On 6 August 2007, he was re-signed on a 12-month deal by new Sheffield United manager Bryan Robson for the upcoming Championship campaign. On 24 January 2008, he signed on loan for Blackpool until the end of the 2007–08 season. On 3 March it was revealed that Gerrard had undergone a knee operation which ended his season prematurely. He was subsequently released by the Blades when his contract expired at the end of the season.

===Stockport County===
After leaving Bramall Lane, he joined Stockport County, but failed to make a competitive appearance for the club.

===Return to Oldham Athletic===
On 5 November 2011, while working as goalkeeping coach at Oldham, he was brought on as a substitute for Alex Cisak, who had been sent off. Gerrard's first contribution in a competitive match for over two years, and first for Oldham for fifteen years, was to save a penalty. He made his first start in his second spell at the club in the 3–1 victory over Crewe Alexandra, on 8 November 2011.

==International career==
Gerrard never played for England at full international level, but he was capped 18 times by the under-21 side between 1993 and 1996.

==Coaching career==

===Oldham Athletic===
Gerrard was confirmed Oldham Athletic's goalkeeping coach on a part-time basis on 30 June 2010. On 20 August he signed a pay as you play contract to provide cover for number one keeper Dean Brill. In July 2011 he was given a full-time permanent contract as goalkeeping coach. He left Oldham on 21 June 2013, with his former club claiming that he was moving to Doncaster Rovers, following former Oldham boss Paul Dickov.

===Shrewsbury Town===
In July 2010, he was confirmed Shrewsbury Town goalkeeping coach on a part-time basis. This ended in July 2011, when his contract at Oldham was made full-time, with Gavin Ward replacing him in the post.

===Doncaster Rovers===

On 24 June 2013, he was confirmed as the new goalkeeping coach at Doncaster Rovers.

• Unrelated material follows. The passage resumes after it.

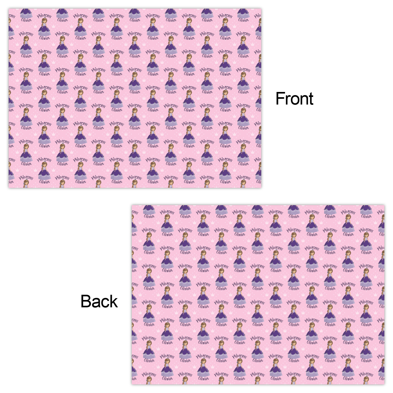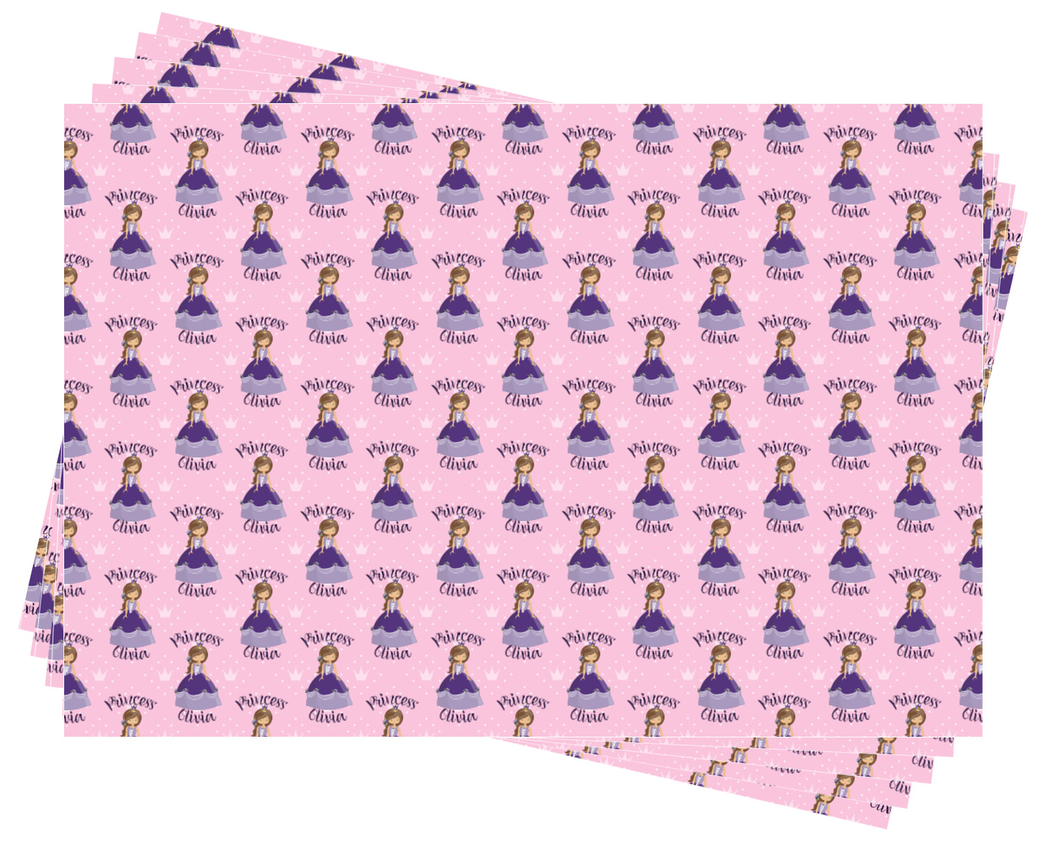 What a fantastic personalized princess design. We have created layered design using our simple crowns and dots design. We then layered it with a graphic of a princess along with the works princess on top and name below the graphic. This graphic, along with the text then form the repeat for the design.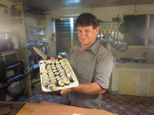 私が巻き寿司の作り方を教えて、彼も巻いてみた彼にとっては始めて作る日本料理だ。 彼は真ん中の具を沢山入れすぎて結局はみ出して外に出て中に巻けなかったので具が真ん中にならないし形がイビツ。初めてのお気に入りの巻き寿司にご満悦。 I taught him how to make sushi rolls and he tried rolling one too, it was his first time making Japanese food. He put too much ingredients in the middle, so it ended up spilling out and he couldn't roll it up inside, so the ingredients weren't in the middle and the shape was odd. He was very happy with his first and favorite sushi roll. |

Gerrard left the club on 29 November 2021 by mutual agreement, having worked with seven different managers.

===Carlisle United===

On 24 February 2022, he joined League Two side Carlisle United as their new goalkeeper coach.

From a relegation position, Carlisle retained their League Two status that season, and a successful campaign during the 2022–23 season resulted in a Wembley play-off final promotion to League One. Gerrard left the club by mutual consent at the end of June 2023.

===Peterborough United===

On 2 July 2024, Gerrard was appointed goalkeeper coach at EFL League One side Peterborough United.